:: DATA SHOWN ::
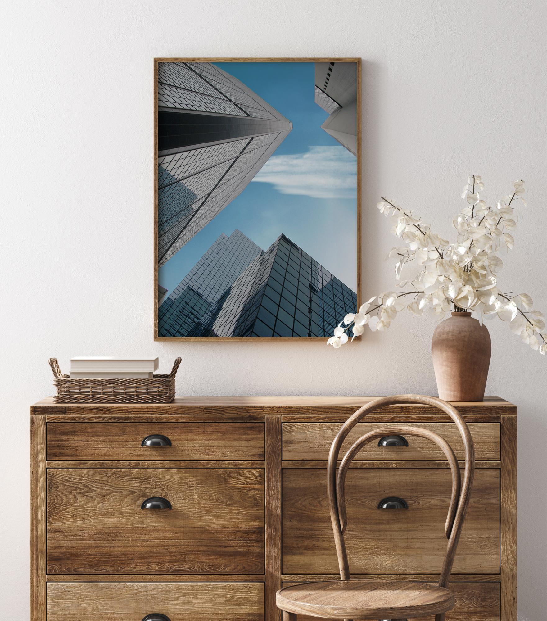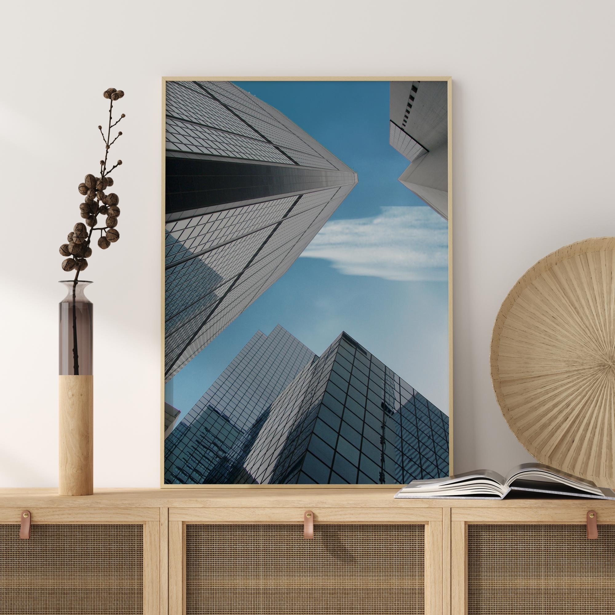 Hingematuk arhitektuurne trükk peegliga akendega hoonetest. Vastu võetud konnaperspektiivist, annab see poster suurejoonelisuse tunde. Kaunis helesinine taevas ühe valge pilvega annab sellele kaunile pildile lisa värvitooni. Ideaalne väiksemasse ruumi, et anda väikesele ruumile lõpmatuse tunnet.
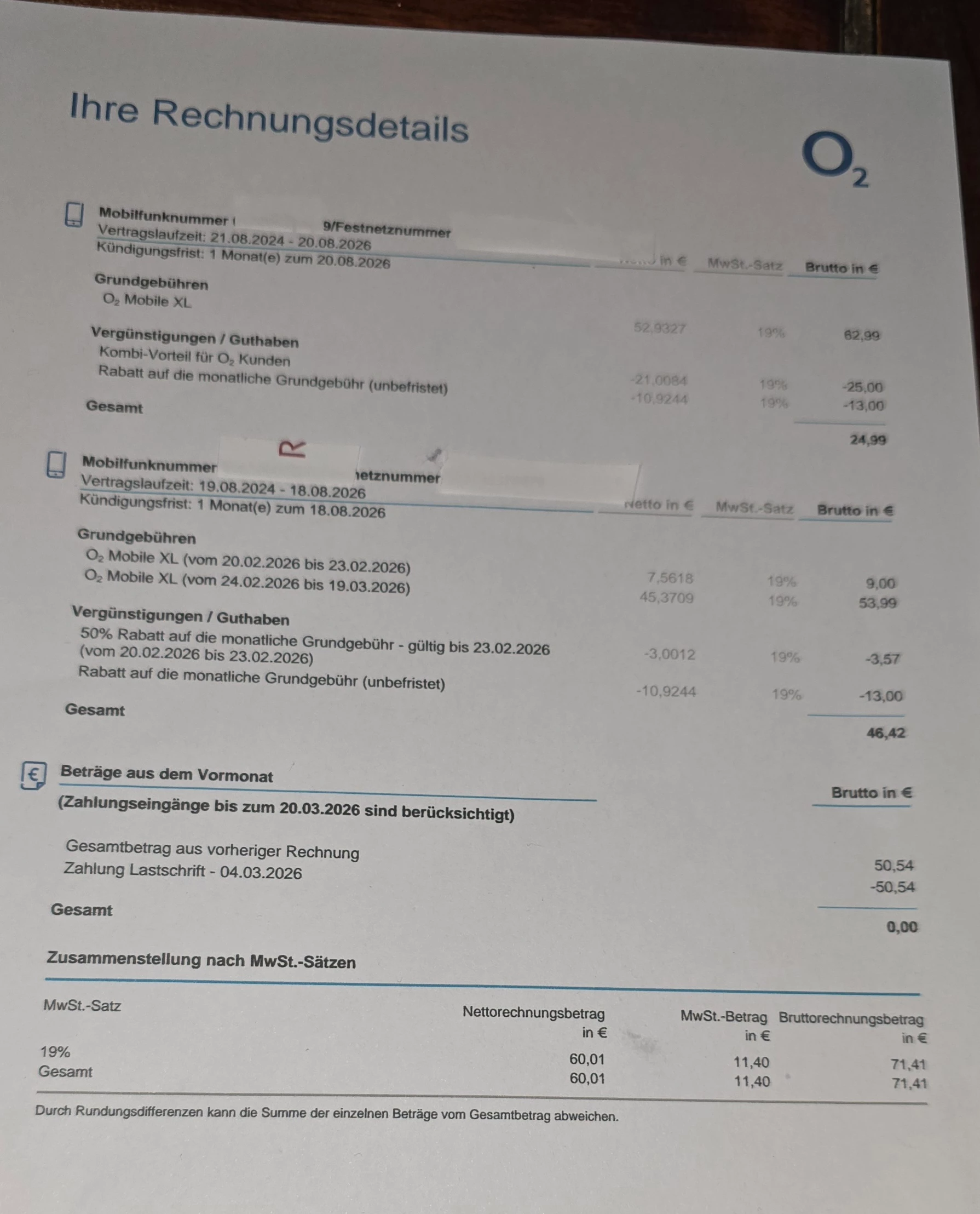 Mir wurde auch der Rabatt für die zweite Rufnummer auf der Rechnung gestrichen, obwohl die erste Nummer gekündigt wurde.
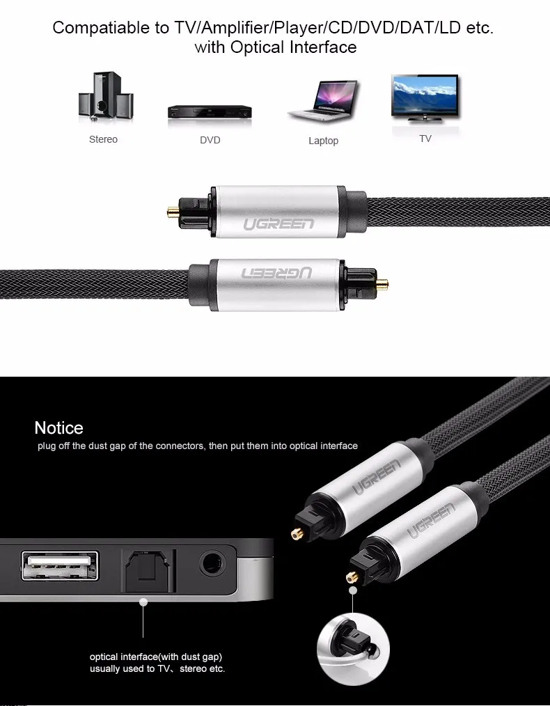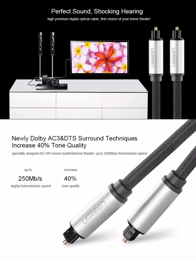 ოპტიკური აუდიო კაბელი UGREEN AV108 (10541) Toslink Optical Audio Cable 3m
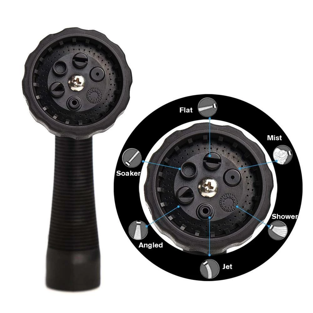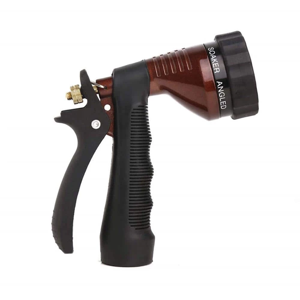 - Water hose nozzle features a nice integrated trigger lock bar at the top of the handle that keep Water flowing without applying any pressure, the black shock-resistant rubber dial protects the hand sprayer from accidental impacts, the pistol grip handle with TPR rubber is slip-resistant and comfortable to hold
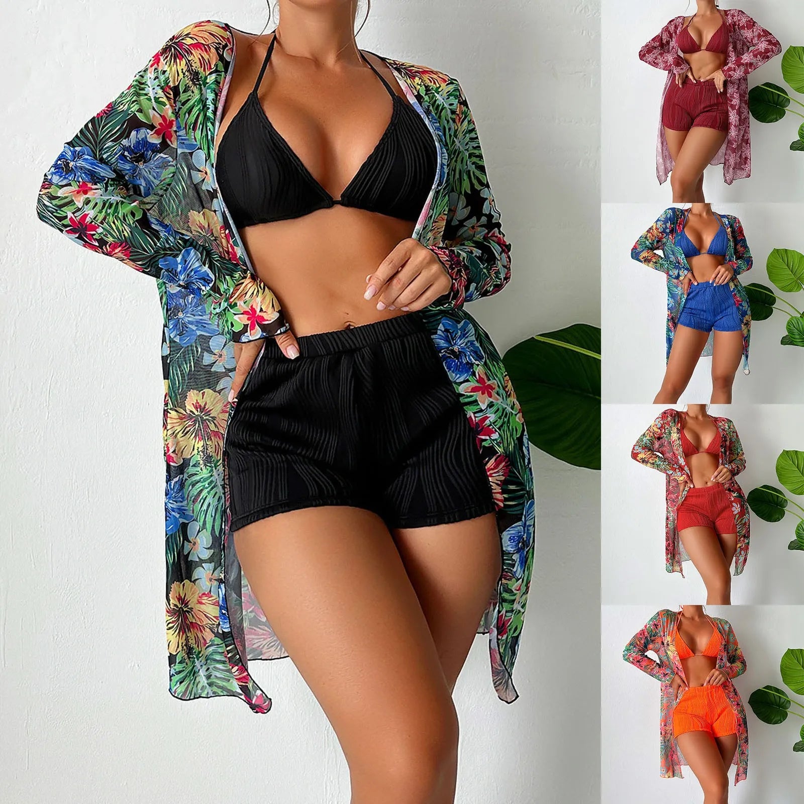 Get ready to turn heads and feel your best this summer in this stylish 3-piece bikini set!
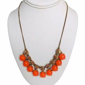 J. Crew Orange Stone and Gold Rhinestone Necklace
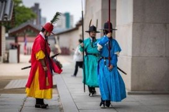 Ce matin, plongez dans l'histoire royale de Séoul avec la relève de la garde au palais de Gyeongbokgung. Explorez ensuite les palais Joseon et Bukchon, puis arpentez les rues vivantes d'Insa-dong, quartier central aux multiples salons de thé, restaurants et boutiques traditionnelles.
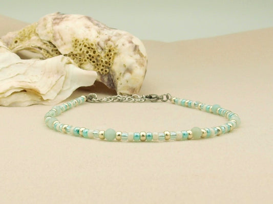 Enkelbandje Fira amazoniet en aventurijn, zilver of goud roestvrijstaal
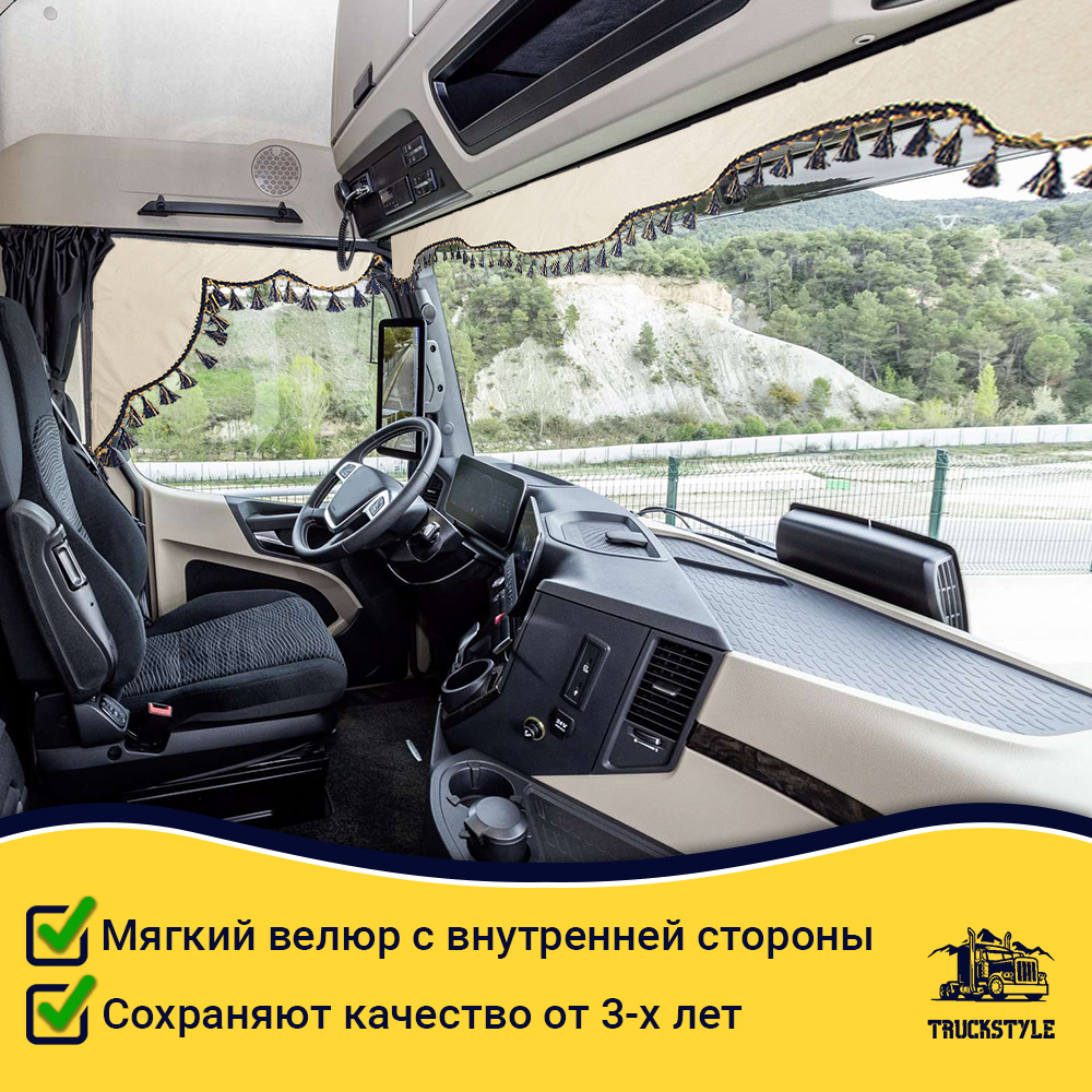 • Ширина лобового ламбрекена 225 см – подходит для седельных тягачей, одиночек и самосвалов.
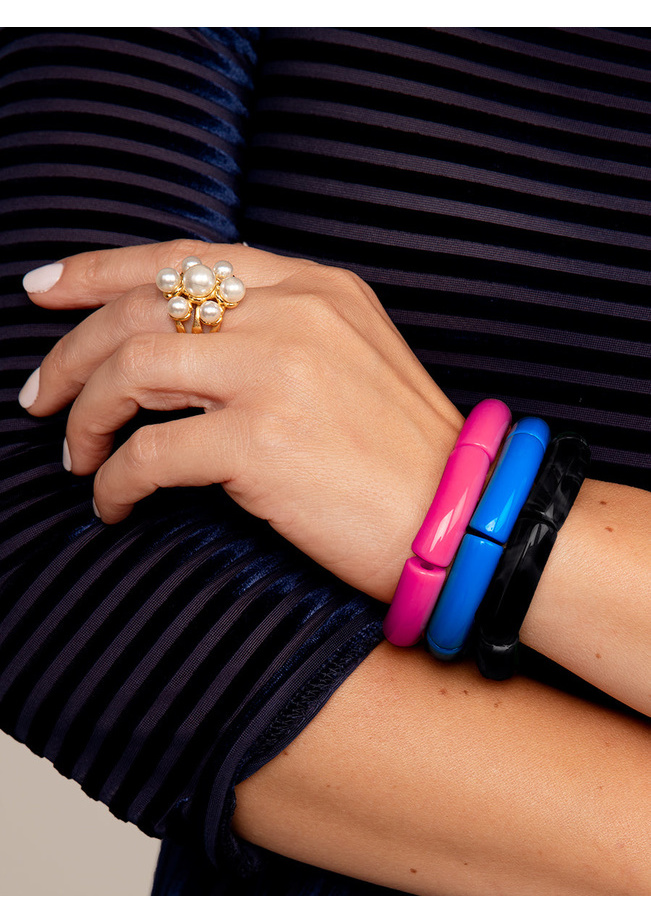 Stretch bracelet composed of colorful tube-shaped resin beads.-Bangle-3" Diameter-0.5" Width-Nickel and Lead Compliant (Hypoallergenic)
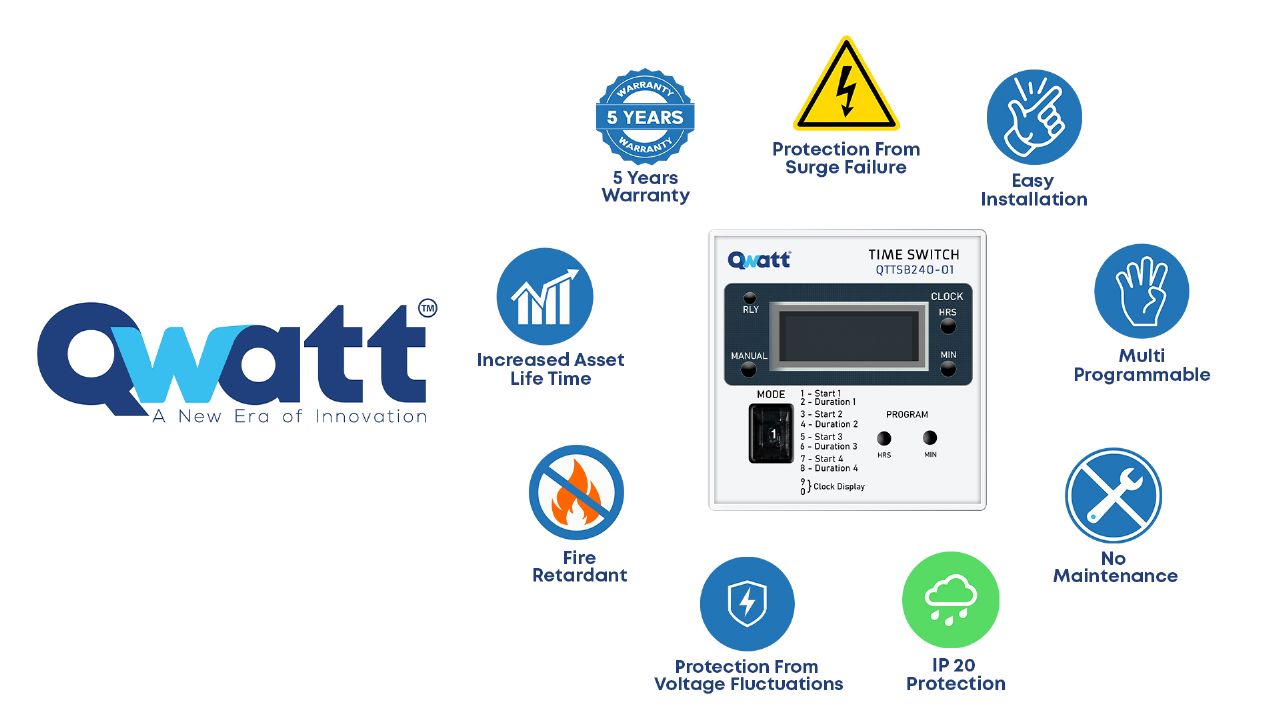 Recent strides have culminated in the launch of our cutting-edge time switch, infused with advanced technology. This offering boasts four distinct output options alongside versatile programmability, enabling the connection of multiple equipment units to a singular time switch, each with its own personalized time setting. While Qwatt's primary focus has been on automating signage lighting, this novel time switch elevates automation to an advanced level, extending its capabilities to a wide array of electrical and electronic devices. The introduction of this time switch carries significant implications across various sectors, encompassing banking, petroleum, automotive, retail, FMCG, NBFC, airports, manufacturing industries, outdoor streetlight projects, hotels, the service industry, stadiums, and railway stations. With the ability to automate a multitude of devices with diverse time settings, Qwatt's time switch directly addresses the longstanding challenge of implementing automation within these sectors, often constrained by financial considerations.
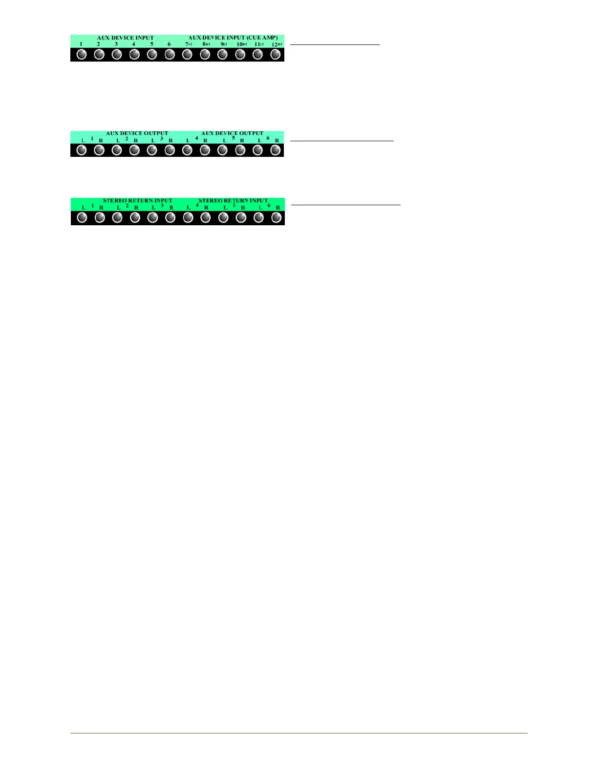 and AUX DEVICE OUTPUT patch points to. The AUX DEVICE INPUT (CUE AMP) patch points are half-
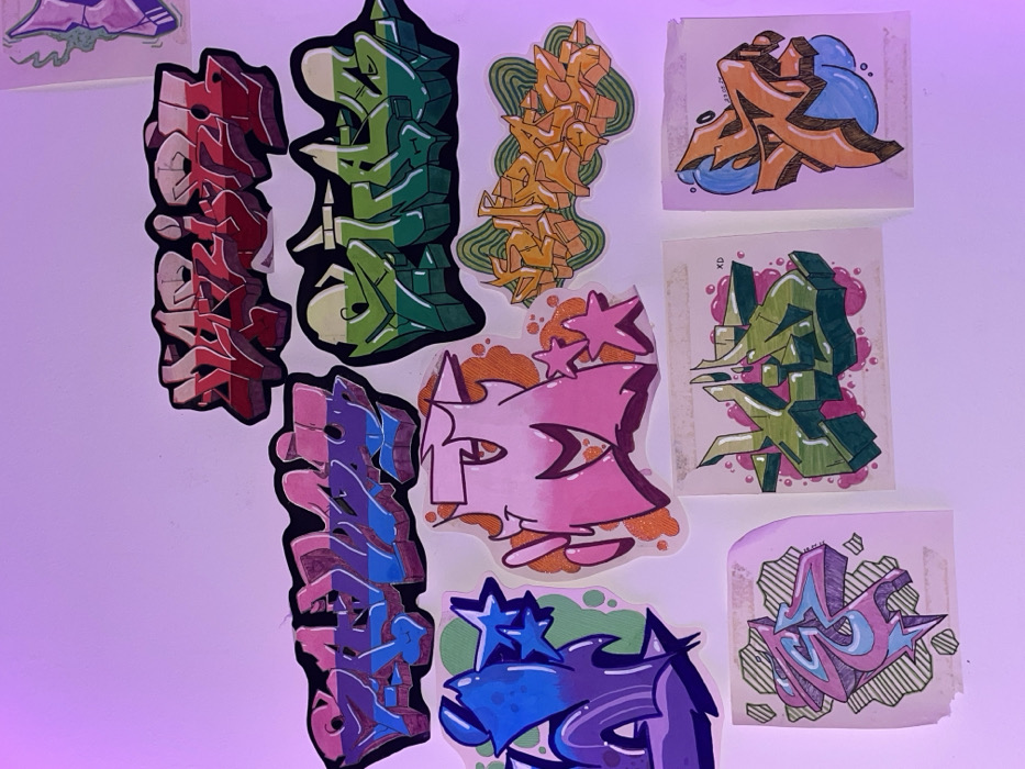 A collection of colorful graffiti stickers are arranged on a white surface with a purple hue
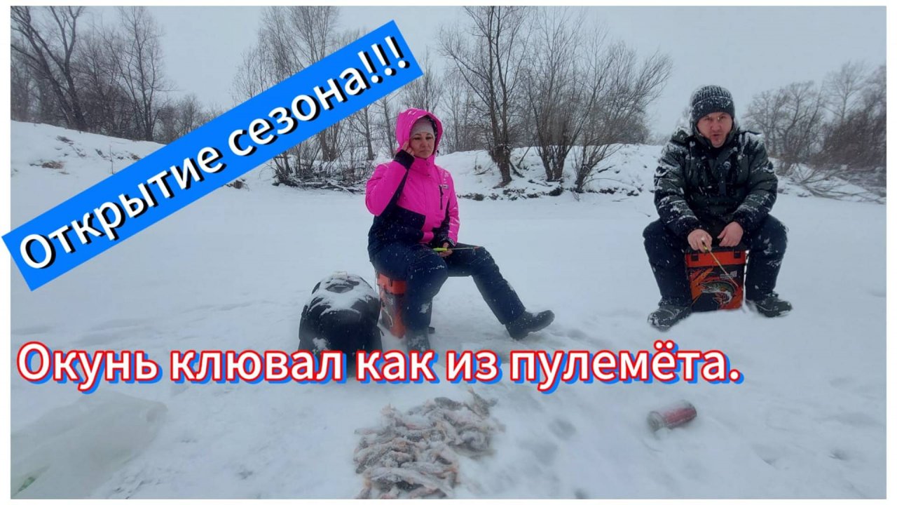 Открытие сезона. Окунь клюет как из пулемета! Супруга первый раз на зимней рыбалки!
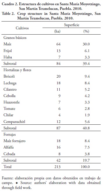 La estructura de producción está dominada particularmente por granos básicos [maíz (Zea mays), frijol (Phaseolus vulgaris) y haba (Vicia faba)], forrajes [alfalfa (Medicago sativa), cebada (Hordeum vulgare) y maíz forrajero (Zea maiz)], hortalizas [brócoli (Brassica oleracea), lechuga (Lactuca sativa), cilantro (Coriandrum sativum), cebolla (Allium cepa), huazontle (Chenopodium nuttalliae), tomate (Solanum lycopersicum) y chile (Capsicum annum)] y por la presencia de flor de cempasúchil (Tagetes erecta). Los granos básicos ocupan la mayor superficie sembrada (77 ha), seguidos de las hortalizas (68.3 ha) y los forrajes (42 ha). Para 62% de las UDC, los cultivos de maíz, frijol y alfalfa son considerados los más importantes por el valor de uso necesario para el autoconsumo, aunque al frijol y a la alfalfa también les confieren un valor económico, ya que con estos cultivos se asegura la alimentación de la UDC y también de la pequeña ganadería (principalmente borregos, aves, cerdos y vacas) que, en su mayoría, es destinada a su comercialización (79 %). Para los agricultores, la crianza de los animales significa "un ahorro" del cual pueden disponer en caso de presentarse una emergencia (Cuadro 2).
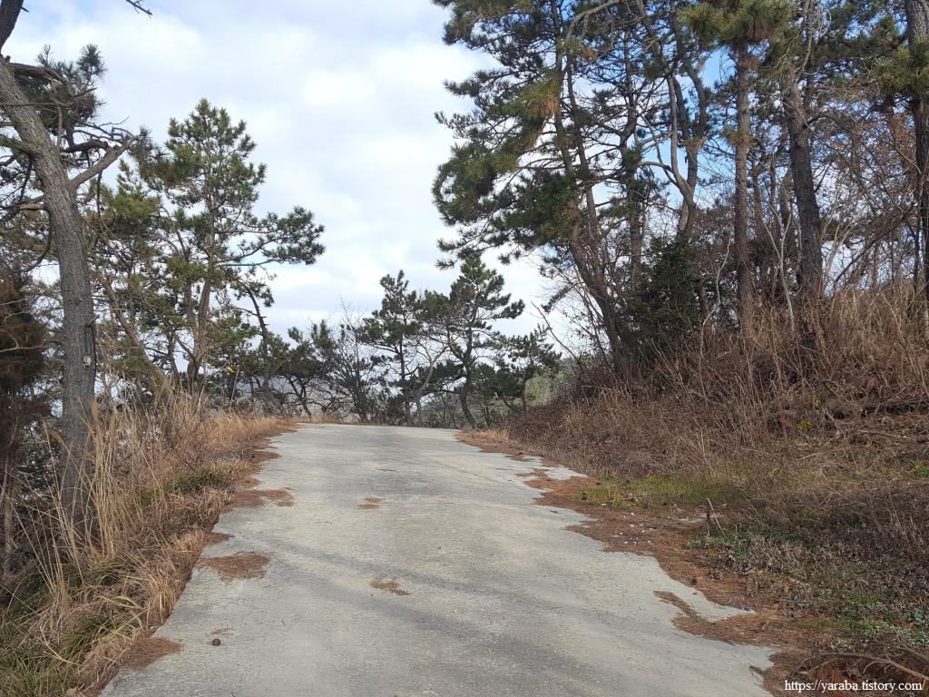 돈대봉(137m) 임도를 오르기 시작한다. 통사골재라는 고개를 넘어가는데, 염산마을로 가려면 지금도 이런 길을 통과해야 하니 염산마을을 증도의 오지라고 부르는 것도 이해가 된다.

:: TASK PROMPT ::
In the records above, find the line with "одиночек и самосвалов.". Print exactly from there through the line with "Открытие сезона. Окунь", minus the pictures.

:: EXERCISE RESULT ::
 • Ширина лобового ламбрекена 225 см – подходит для седельных тягачей, одиночек и самосвалов.
 Stretch bracelet composed of colorful tube-shaped resin beads.-Bangle-3" Diameter-0.5" Width-Nickel and Lead Compliant (Hypoallergenic)
 Recent strides have culminated in the launch of our cutting-edge time switch, infused with advanced technology. This offering boasts four distinct output options alongside versatile programmability, enabling the connection of multiple equipment units to a singular time switch, each with its own personalized time setting. While Qwatt's primary focus has been on automating signage lighting, this novel time switch elevates automation to an advanced level, extending its capabilities to a wide array of electrical and electronic devices. The introduction of this time switch carries significant implications across various sectors, encompassing banking, petroleum, automotive, retail, FMCG, NBFC, airports, manufacturing industries, outdoor streetlight projects, hotels, the service industry, stadiums, and railway stations. With the ability to automate a multitude of devices with diverse time settings, Qwatt's time switch directly addresses the longstanding challenge of implementing automation within these sectors, often constrained by financial considerations.
 and AUX DEVICE OUTPUT patch points to. The AUX DEVICE INPUT (CUE AMP) patch points are half-
 A collection of colorful graffiti stickers are arranged on a white surface with a purple hue
 Открытие сезона. Окунь клюет как из пулемета! Супруга первый раз на зимней рыбалки!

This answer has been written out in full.